# [RECORDS SUPPLIED]

····················

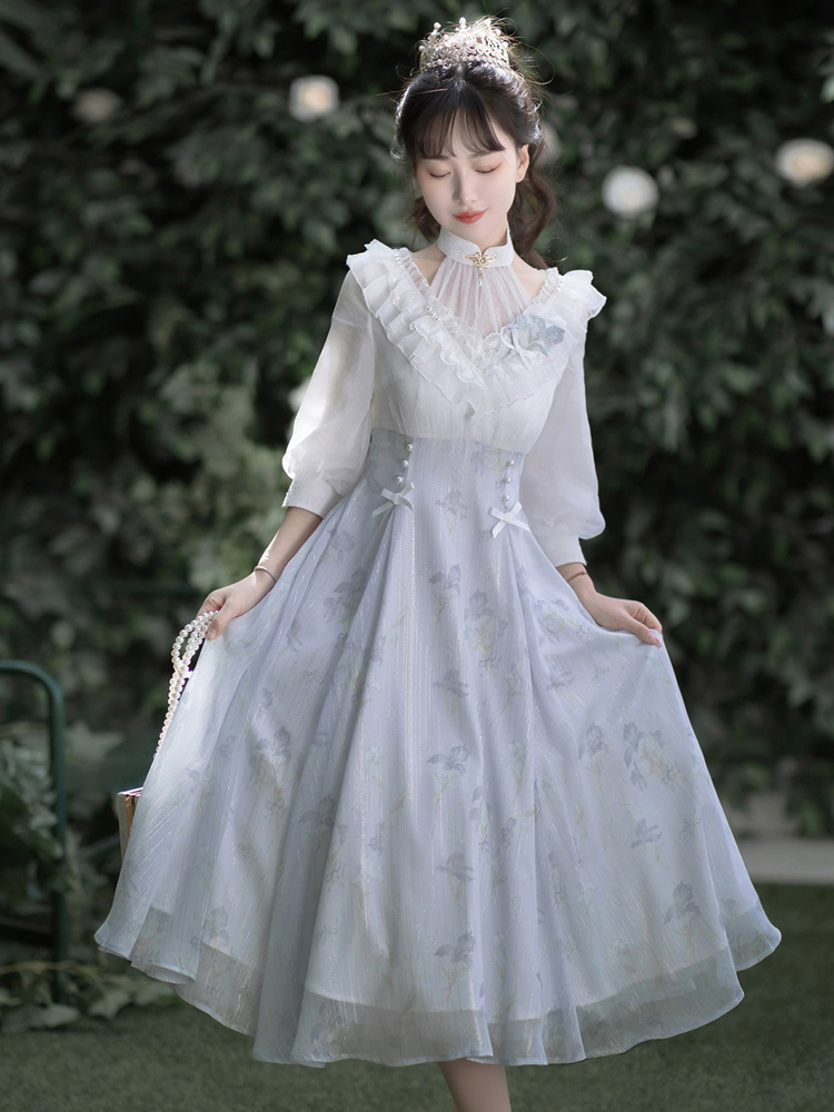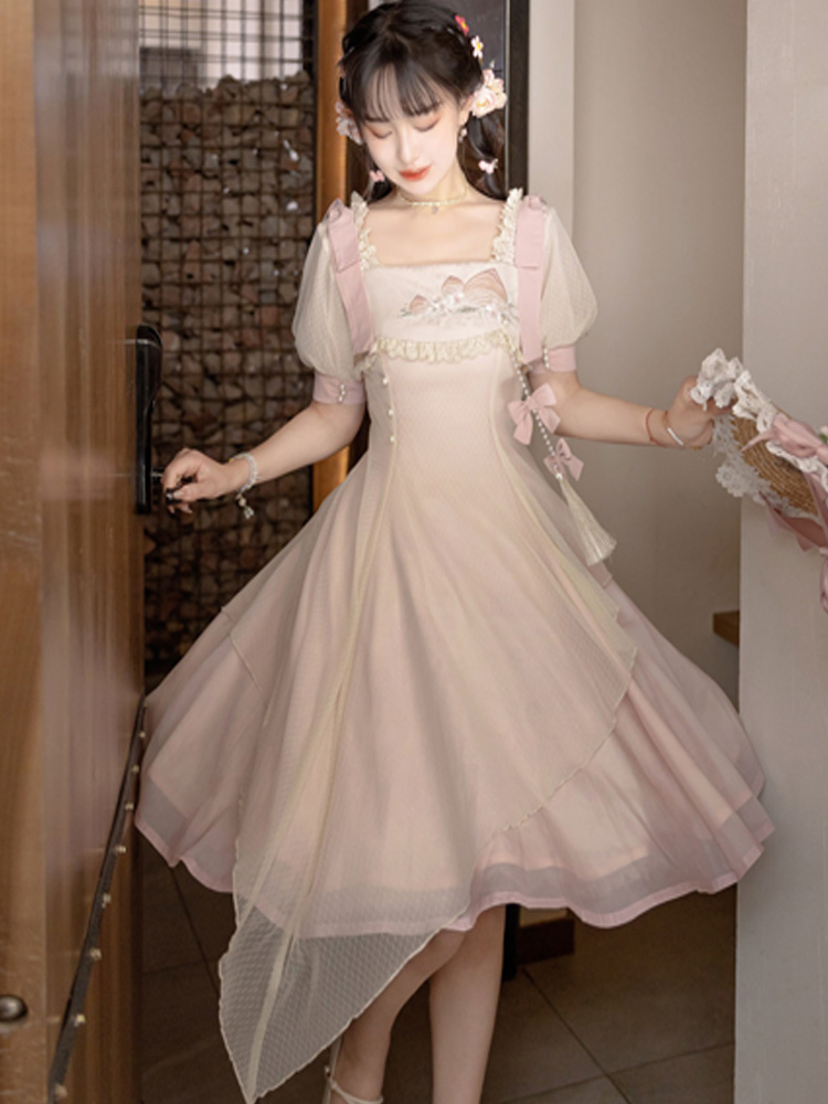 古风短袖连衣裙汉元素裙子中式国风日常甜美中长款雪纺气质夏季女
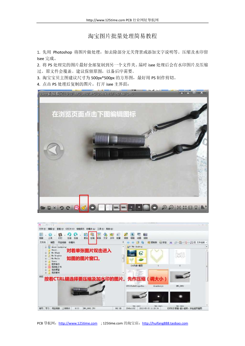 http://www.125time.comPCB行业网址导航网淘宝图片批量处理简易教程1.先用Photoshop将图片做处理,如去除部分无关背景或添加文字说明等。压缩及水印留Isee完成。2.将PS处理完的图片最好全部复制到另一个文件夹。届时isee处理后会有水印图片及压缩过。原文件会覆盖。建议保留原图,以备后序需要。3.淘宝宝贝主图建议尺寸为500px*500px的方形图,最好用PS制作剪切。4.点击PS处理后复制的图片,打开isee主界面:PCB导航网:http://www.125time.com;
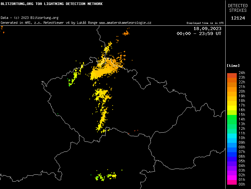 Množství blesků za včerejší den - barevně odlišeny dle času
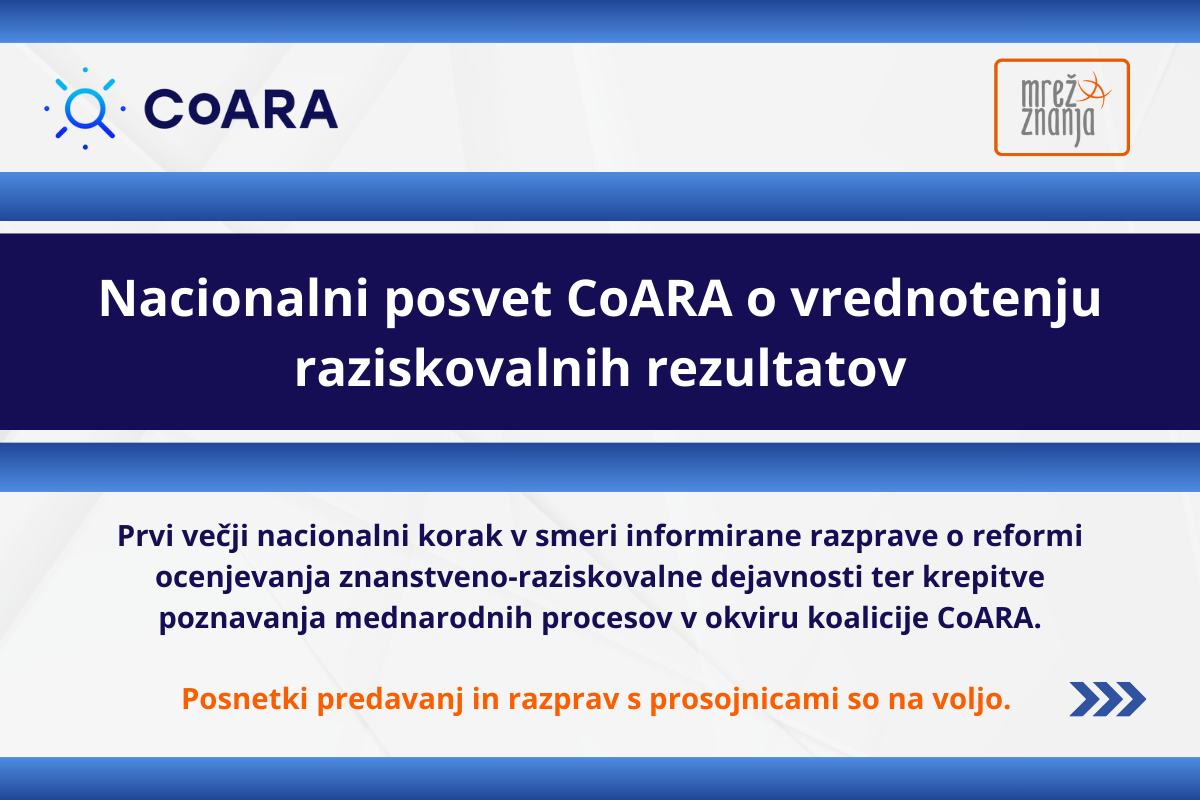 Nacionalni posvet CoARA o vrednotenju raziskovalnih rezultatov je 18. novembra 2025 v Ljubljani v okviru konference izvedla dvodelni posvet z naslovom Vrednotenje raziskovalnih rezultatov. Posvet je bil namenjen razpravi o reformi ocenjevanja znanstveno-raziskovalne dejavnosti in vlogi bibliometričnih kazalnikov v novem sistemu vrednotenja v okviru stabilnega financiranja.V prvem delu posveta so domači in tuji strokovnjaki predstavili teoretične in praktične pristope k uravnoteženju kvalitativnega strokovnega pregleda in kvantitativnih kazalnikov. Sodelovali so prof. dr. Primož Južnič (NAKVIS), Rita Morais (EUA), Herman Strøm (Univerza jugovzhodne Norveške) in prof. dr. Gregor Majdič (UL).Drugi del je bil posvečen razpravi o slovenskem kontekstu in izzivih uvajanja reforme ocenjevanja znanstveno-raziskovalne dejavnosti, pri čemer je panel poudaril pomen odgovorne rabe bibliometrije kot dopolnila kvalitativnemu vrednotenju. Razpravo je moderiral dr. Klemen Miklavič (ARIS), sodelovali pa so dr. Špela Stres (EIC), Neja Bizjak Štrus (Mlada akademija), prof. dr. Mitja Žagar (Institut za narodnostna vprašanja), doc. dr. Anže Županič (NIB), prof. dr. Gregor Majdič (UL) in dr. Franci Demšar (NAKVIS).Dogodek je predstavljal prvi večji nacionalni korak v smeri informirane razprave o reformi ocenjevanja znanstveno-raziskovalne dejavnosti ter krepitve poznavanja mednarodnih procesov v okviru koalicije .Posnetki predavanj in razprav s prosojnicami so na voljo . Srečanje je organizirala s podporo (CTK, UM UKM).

····················

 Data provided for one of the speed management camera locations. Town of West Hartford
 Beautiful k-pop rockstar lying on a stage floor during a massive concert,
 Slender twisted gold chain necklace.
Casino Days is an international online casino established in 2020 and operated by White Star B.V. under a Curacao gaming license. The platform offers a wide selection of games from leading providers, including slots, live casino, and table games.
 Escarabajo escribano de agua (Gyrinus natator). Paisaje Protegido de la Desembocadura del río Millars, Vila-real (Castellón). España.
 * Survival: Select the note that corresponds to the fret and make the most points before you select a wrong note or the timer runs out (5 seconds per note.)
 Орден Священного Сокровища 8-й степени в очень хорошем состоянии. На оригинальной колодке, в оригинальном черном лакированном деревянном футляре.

····················

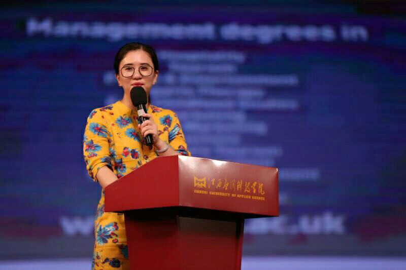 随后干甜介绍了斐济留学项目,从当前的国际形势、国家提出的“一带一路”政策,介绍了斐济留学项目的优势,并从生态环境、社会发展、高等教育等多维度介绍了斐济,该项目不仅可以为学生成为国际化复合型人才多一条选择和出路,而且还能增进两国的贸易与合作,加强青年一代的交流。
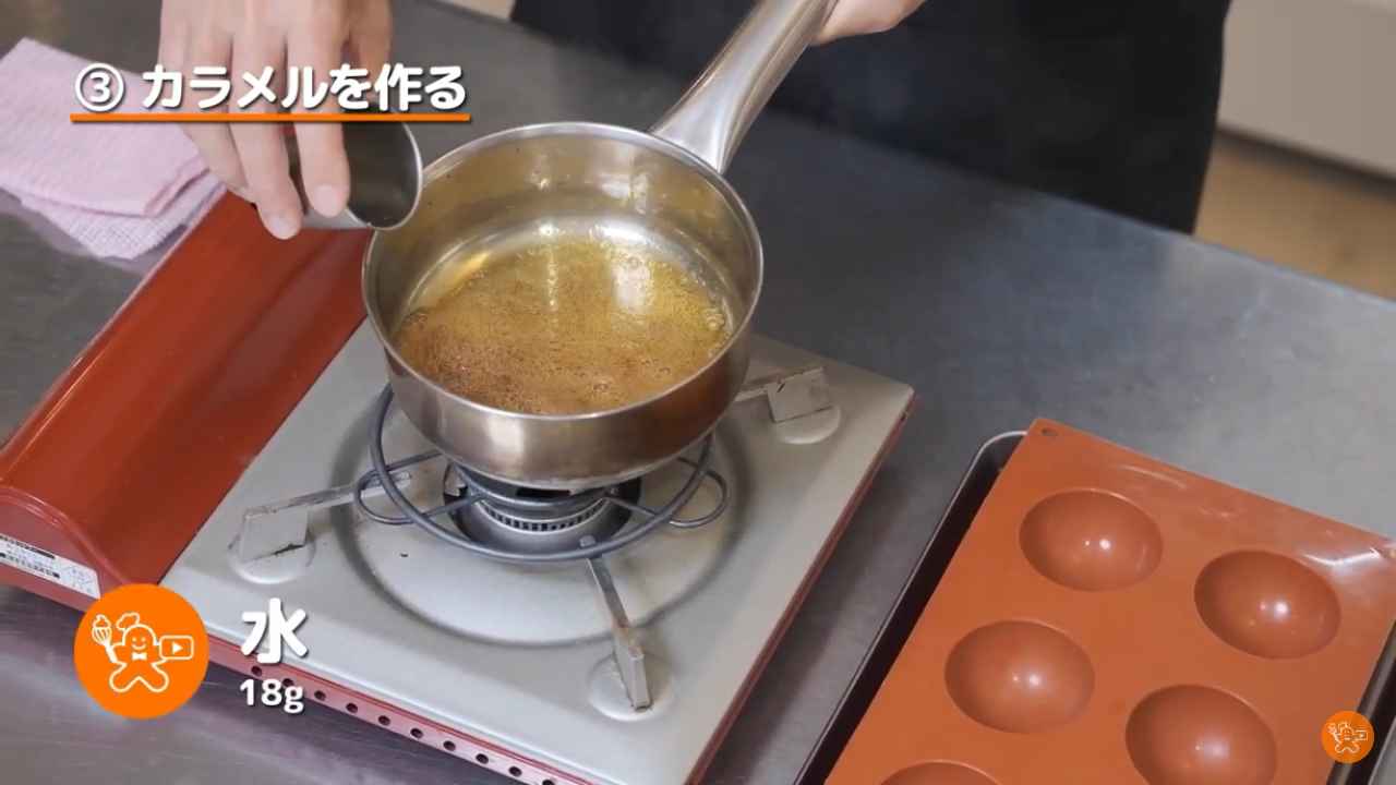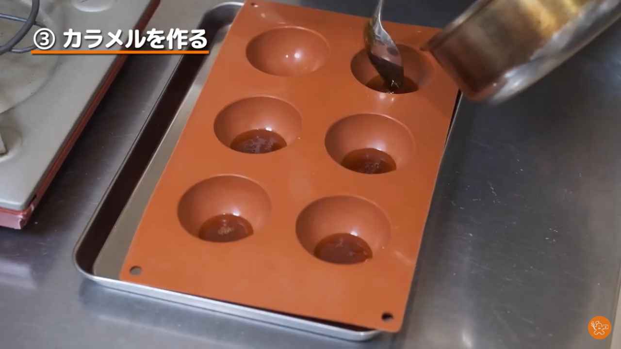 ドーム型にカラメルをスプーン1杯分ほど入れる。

····················

# [REQUIRED ACTION]
Print the lines above from the one with "seconds per note.)" through the one with "Орден Священного Сокровища", both included, exactly as written and nothing more.

# [FINAL ANSWER]
 * Survival: Select the note that corresponds to the fret and make the most points before you select a wrong note or the timer runs out (5 seconds per note.)
 Орден Священного Сокровища 8-й степени в очень хорошем состоянии. На оригинальной колодке, в оригинальном черном лакированном деревянном футляре.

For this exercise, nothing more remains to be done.